中学卒業と同時に集団就職。それから30年が経ち、両親の介護のため故郷にUターン。43歳の時だった。介護の日々を彼はこう振り返っていた。
「両親とも認知症です。そのほか色んな病気がありました。父に一番苦労しました。耳も聞こえません。ジェスチャーだけです。手を抜くことができません。母は痰を吸引しなければいけません。眠れませんでした。昼、デイサービスがくるので、その間、寝ていました。もちろん、おしめも換えます。慣れると簡単です。洗うことはありませんから」
介護の経験は、彼の“死生観”にも影響を与えたようだった。
「毎日病人と一緒だと、私自身、人の手を借りてまで生きようとは思わなくなった。それと私は若い時から、死ぬ時は田舎で、と思ってました。両親を看取って、75歳くらいまで生きたら、父親の生まれた近くで穴を掘って入ろうと思ってました」
田舎暮らしを重ねるにつれ、保見死刑囚の苦悩は深まっていった。20年近い故郷での生活の末、5人殺しの惨劇が起きた。
今、田舎暮らしは、大変なブームになっている。移住者の数は増え続ける一方だ。保見死刑囚が体験した悲劇は、どんな移住者にも貴重な“教訓”を教えてくれている。誰もが同じ体験を味わう可能性がある。まさに「今、ここにある危機」だ。
保見死刑囚に粗野で自己中心的な側面があるのは事実だ。弁護団は一貫して、彼を「妄想性障害」の持ち主として扱った。だが、その内面は実に繊細だ。そして、こちらが驚かされるほど相手を観察している。
強い印象に残ったのは記憶力。彼は事件当夜から山中への逃避行の間――草木1本の位置や正確な時刻さえも――何から何まで鮮明に覚えていた。手紙や面会で詳細な証言に触れるにつれ、「本当だろうか?」と疑問が湧いた。
私は殺害現場から任意同行された場所まで、GPSを片手に確かめて歩いてみた。結果から言えば、証言の全ては完全に正確だった。記憶力に関しては、ある種の特殊な才能を感じたほどのレベルだった。
自分が殺害した5人の被害者とのやり取りも――帰郷して“田舎暮らし”が始まった約20年間分を――鮮明に覚えている。保見死刑囚にとって最大の無念は、その全てが「妄想性障害」と判断されたことだった。単なる被害妄想と片付けられてしまったのだ。
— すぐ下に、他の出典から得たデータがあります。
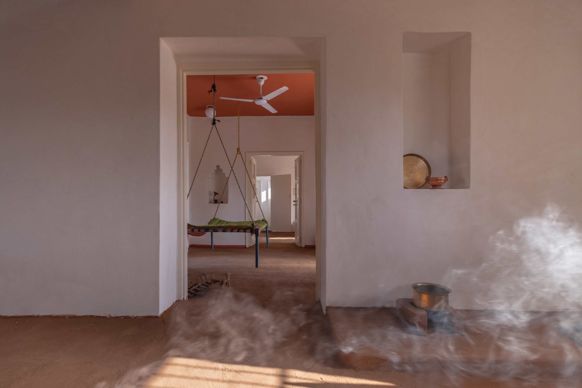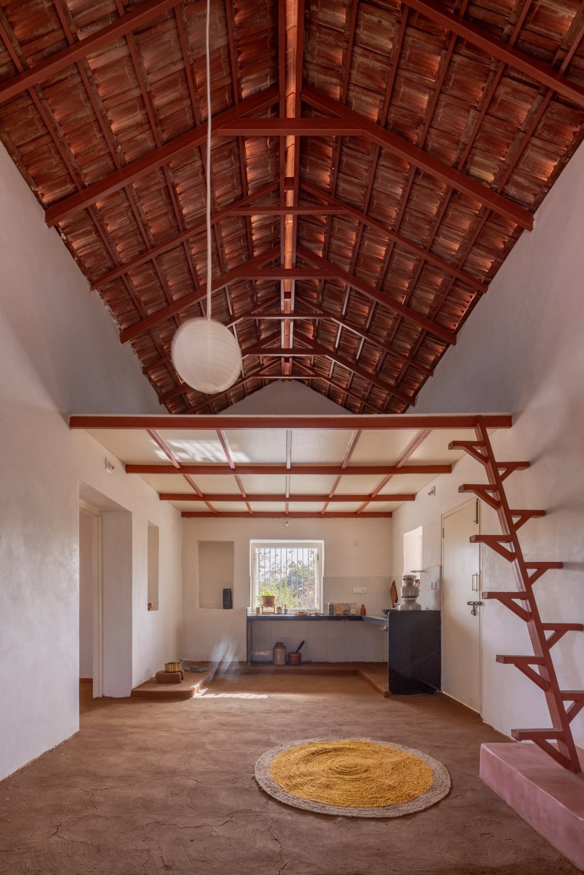 Material choices are local: Stone, brick, lime, bamboo, reclaimed metal sections and timber sourced nearby. Selected for performance, not sentiment, these materials ensure breathability, thermal comfort, economy, and durability. Lime keeps interiors cool; dense masonry reduces heat gain; bamboo is lightweight, cost-effective, and abundant. The project resists the rural trend of urban-style concrete homes, which often perform poorly in climate and adaptability, instead proposing a “regional modernity” rooted in geography and local aesthetics.

彼が思い込みの強いタイプであることは否定しない。だが、彼ぐらいのレベルは、世間のどこにでもいる。さらに、思い込みが強いからといって、彼の話が全て嘘であるはずもない。必ず真実が含まれている。そこには注意が必要だ。
例えば、高齢の方をインタビューする際、私たち取材者は何度も同じ質問を繰り返し、ゆっくりと事実関係を確認していくのがセオリーだ。こちらの呼吸と相手の呼吸が合わないと、誰も心情を吐露したりしない。私は保見死刑囚も似たアプローチが必要な人物だと考えていた。
保見死刑囚の誕生日、私は自宅で「お誕生日おめでとう」とのプレートをホールケーキにつけ、火をともしたキャンドルを載せたところを写真に撮って送った。彼は「誕生日をお祝いしてもらったのは人生で初めて」と、いささか大仰な返礼の手紙を送ってきた。
彼の要望に応じて自宅に足を踏み入れ、衣類などを拘置所に届けたこともある。そして、飼っていた犬の供養も――。